Newspaper headlines: 'Stop fights and do your duty'
"The roaring lion" is the headline in the Daily Telegraph - referring to Boris Johnson's address to the Conservative conference which, it concludes, provided a "dose of much needed optimism".
Peter Oborne in the Daily Mail agrees, calling it one of the best speeches of Mr Johnson's career and praising him for talking about Brexit "with vim and gusto".
He also thinks he was "loyal" to Theresa May, adding this is not a quality with which the foreign secretary is usually associated.
The Sun criticises Mr Johnson for being short on solutions for improving the lot of the young or the fed-up.
"What practical help will this roaring be to those paid less than they were in 2007," it asks.

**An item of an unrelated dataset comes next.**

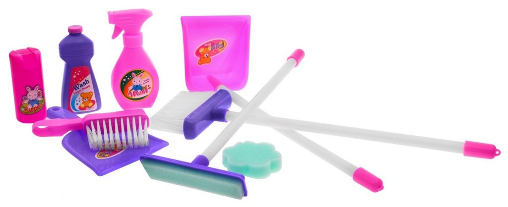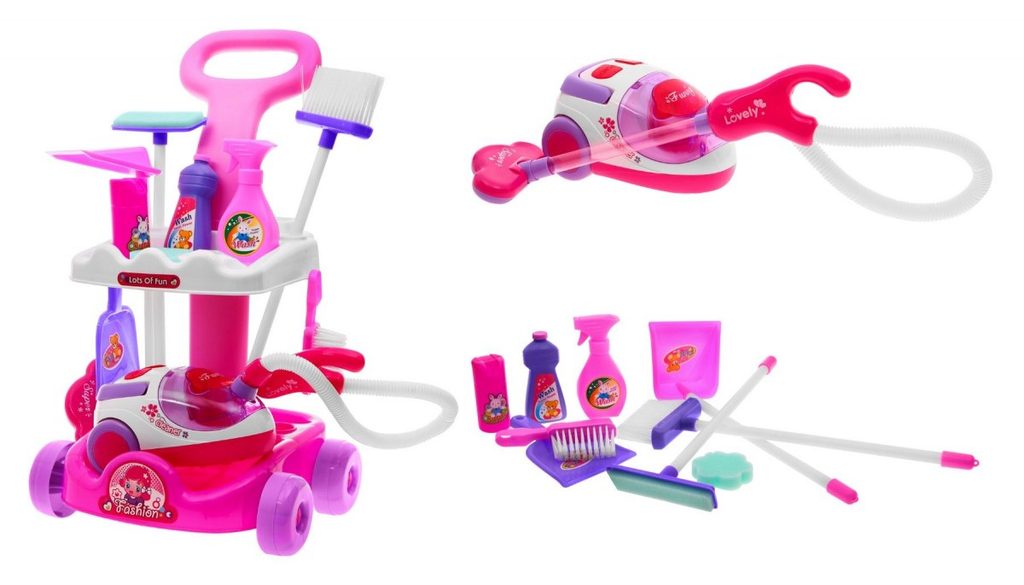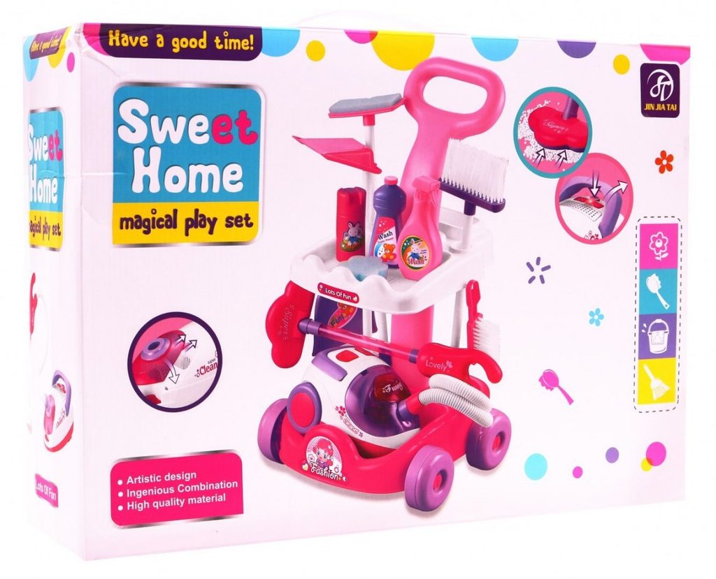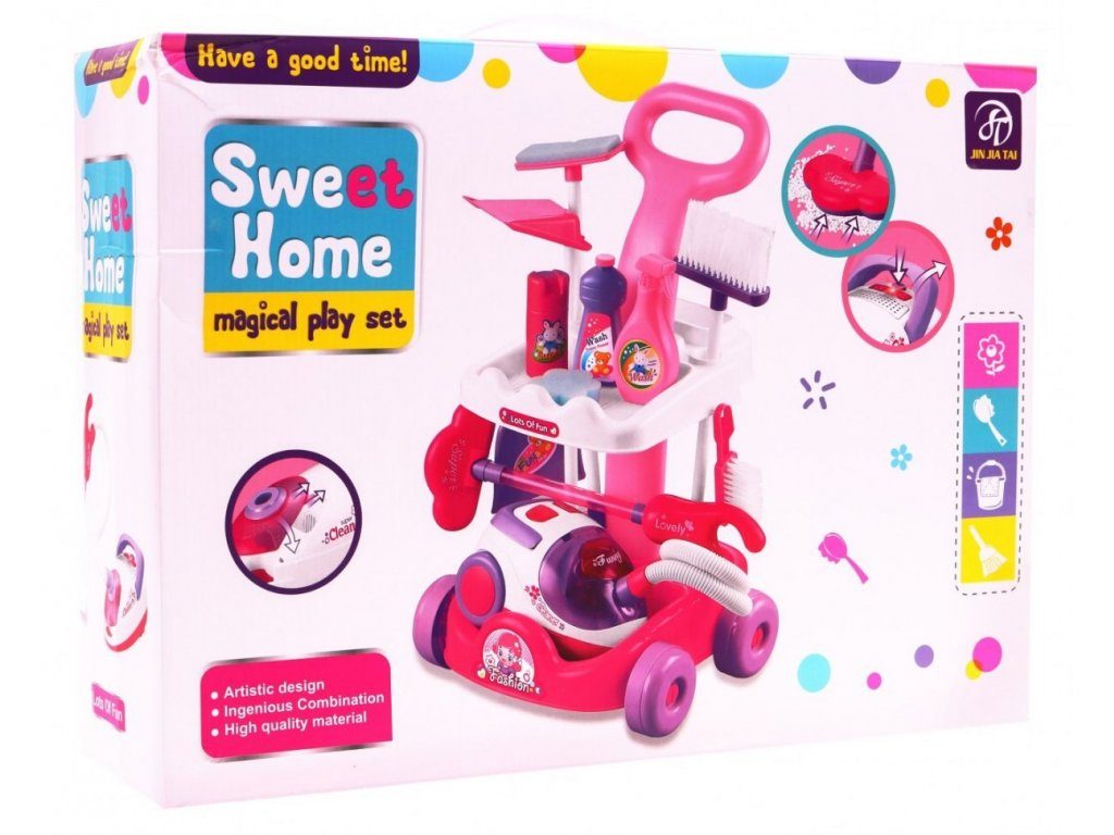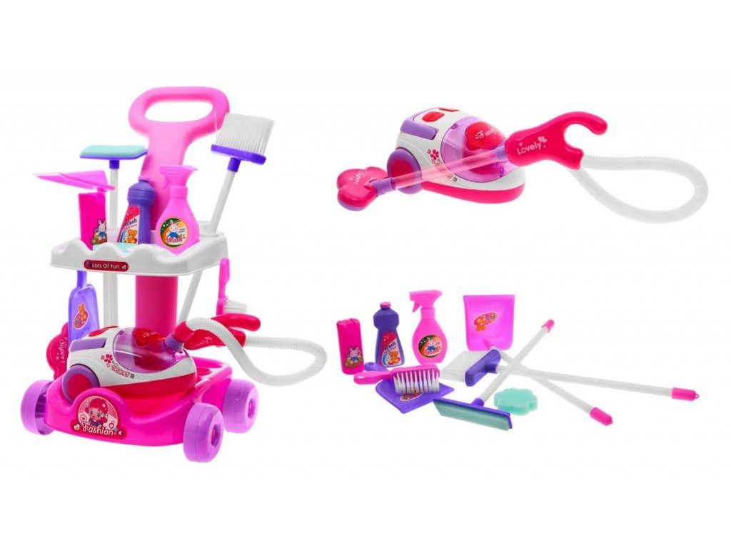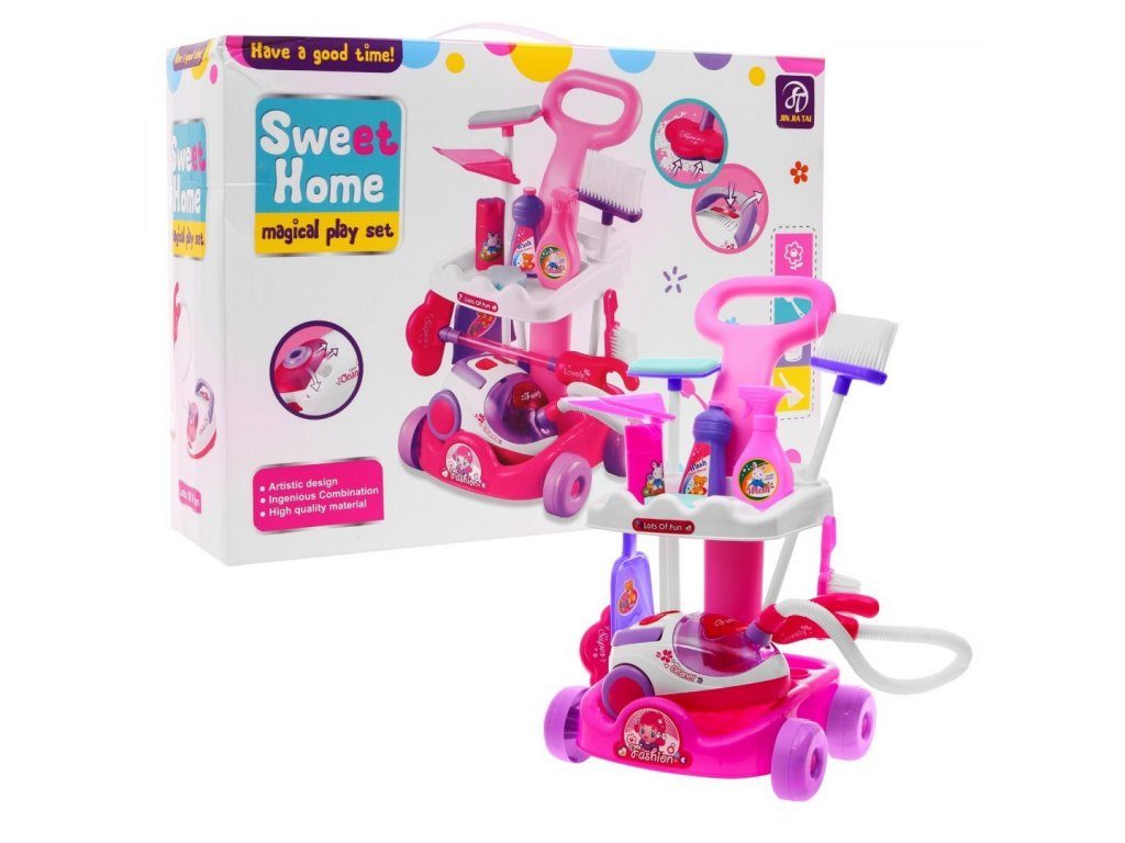 Kompletně vybavený dětský úklidový vozíček přemění Vaše dítě v opravdovou paní domu. Je vybaven dvěma policemi, velkým a malým smetákem, mopem, houbičkou na okna a dalšími nezbytnými věcmi pro úklid. Součástí vozíčku je vysavač na baterie, který vydává zvuky a světelné efekty. Pro co nejreálnější vysávání jsou v sestavě také malé kuličky ,které imitují smetí. Hračka je určena pro děti od 36 měsíců věku.

According to the lead in the i, one way the government may try to win over younger voters is through the re-introduction of maintenance grants to help the poorest students in England.
It reports that Education Secretary Justine Greening is battling with the Treasury to push through the plans.
"Inside the killer's lair" is the Daily Mirror's front-page headline as it pictures the Las Vegas attacker lying dead in his hotel room beside two assault rifles.
Crime scene tape frames a photo on the front of the Sun showing another of Stephen Paddock's weapons, primed and ready to fire.
Guardian columnist Richard Wolffe accuses the gun lobby of trying to stifle debate about new controls.
"We don't stop talking about air safety after a passenger jet goes down," he writes. "If we can't demand gun control after Las Vegas, then when?"
The Times covers Scotland's decision to ban fracking.
According to the paper, the Scottish government is facing claims it prioritised populism over the evidence of its scientific advisers.
Trade body UK Onshore Oil and Gas tells the Scotsman that the SNP is cherry picking evidence to match dogma and argues that relying instead on low-carbon sources of energy will condemn more people to fuel poverty.
But the paper also hears from Friends of the Earth which says the decision will be celebrated around the world, with the potential health risks of fracking enough to merit a ban.
The looming postal strike makes the lead for the Daily Express and the Daily Mail, which both warn industrial action may target Christmas deliveries.
The Mail says workers could walk out on November 24th and 25th, coinciding with the so-called Black Friday sales when many families buy discounted items online.
The Mirror says there was a "thumping majority" in favour of the strike and Royal Mail needs to negotiate fast to head off problems.
Merlot is making a comeback, according to the Times, but it has taken 13 years for it to recover after sales were destroyed by a cult comedy.
The paper reports that the variety suffered a big decline after the release of the film Sideways in which one of the characters, played by Paul Giamatti, declares he will leave if anyone orders Merlot.
Yet, the paper reports, although the movie was calamitous for one wine sales soared for the character's preferred tipple, Pinot Noir.